The fifa dataset is a preprocessed players_20.csv dataset which comes as a part of "FIFA 20 complete player dataset" at Kaggle.

data(fifa)

Format

a data frame with 5000 rows, 42 columns and rownames

Source

The players_20.csv dataset was downloaded from the Kaggle site and went through few transformations. The complete dataset was obtained from https://www.kaggle.com/stefanoleone992/fifa-20-complete-player-dataset#players_20.csv on January 1, 2020.

Details

It contains 5000 'overall' best players and 43 variables.

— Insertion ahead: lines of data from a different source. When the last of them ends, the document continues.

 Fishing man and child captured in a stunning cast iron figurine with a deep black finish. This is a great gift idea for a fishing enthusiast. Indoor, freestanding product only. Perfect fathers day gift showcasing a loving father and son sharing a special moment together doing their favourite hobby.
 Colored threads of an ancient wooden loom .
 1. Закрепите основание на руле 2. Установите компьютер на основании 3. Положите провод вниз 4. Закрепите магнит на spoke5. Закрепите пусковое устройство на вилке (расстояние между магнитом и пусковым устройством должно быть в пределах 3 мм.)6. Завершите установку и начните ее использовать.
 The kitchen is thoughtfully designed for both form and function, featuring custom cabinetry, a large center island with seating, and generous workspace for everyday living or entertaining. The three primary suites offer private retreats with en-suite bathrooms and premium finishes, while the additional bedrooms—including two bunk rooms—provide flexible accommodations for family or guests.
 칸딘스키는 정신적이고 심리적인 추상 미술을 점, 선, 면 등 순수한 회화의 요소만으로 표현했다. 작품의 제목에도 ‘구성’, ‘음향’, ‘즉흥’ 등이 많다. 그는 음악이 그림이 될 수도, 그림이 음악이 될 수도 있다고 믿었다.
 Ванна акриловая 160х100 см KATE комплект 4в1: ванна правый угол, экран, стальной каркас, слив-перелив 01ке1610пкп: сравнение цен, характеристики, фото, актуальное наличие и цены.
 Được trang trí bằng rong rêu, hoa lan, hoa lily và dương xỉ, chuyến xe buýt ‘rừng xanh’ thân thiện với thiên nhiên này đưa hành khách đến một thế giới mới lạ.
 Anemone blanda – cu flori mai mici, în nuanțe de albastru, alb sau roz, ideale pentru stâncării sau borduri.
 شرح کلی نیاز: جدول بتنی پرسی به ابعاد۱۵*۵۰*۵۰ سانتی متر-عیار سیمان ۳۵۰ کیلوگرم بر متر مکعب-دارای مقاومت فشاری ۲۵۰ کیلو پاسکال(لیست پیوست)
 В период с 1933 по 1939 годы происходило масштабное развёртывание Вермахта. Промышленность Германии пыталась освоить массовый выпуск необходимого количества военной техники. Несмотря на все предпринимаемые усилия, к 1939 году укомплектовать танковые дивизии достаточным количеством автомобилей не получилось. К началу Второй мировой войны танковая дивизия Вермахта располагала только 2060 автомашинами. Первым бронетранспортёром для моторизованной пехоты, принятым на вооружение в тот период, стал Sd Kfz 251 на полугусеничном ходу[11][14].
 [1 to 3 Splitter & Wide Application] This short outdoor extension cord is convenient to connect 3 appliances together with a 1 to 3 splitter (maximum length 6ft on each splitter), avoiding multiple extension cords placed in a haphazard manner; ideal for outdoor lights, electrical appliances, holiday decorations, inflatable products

These are:

  • short_name (rownames)

  • nationality of the player (not used in modeling)

  • overall, potential, value_eur, wage_eur (4 potential target variables)

  • age, height, weight, attacking skills, defending skills, goalkeeping skills (37 variables)

It is advised to leave only one target variable for modeling.

Source: https://www.kaggle.com/stefanoleone992/fifa-20-complete-player-dataset

All transformations:

  1. take 43 columns: [3, 5, 7:9, 11:14, 45:78] (R indexing)

  2. take rows with value_eur > 0

  3. convert short_name to ASCII

  4. remove rows with duplicated short_name (keep first)

  5. sort rows on overall and take top 5000

  6. set short_name column as rownames

  7. transform nationality to factor

  8. reorder columns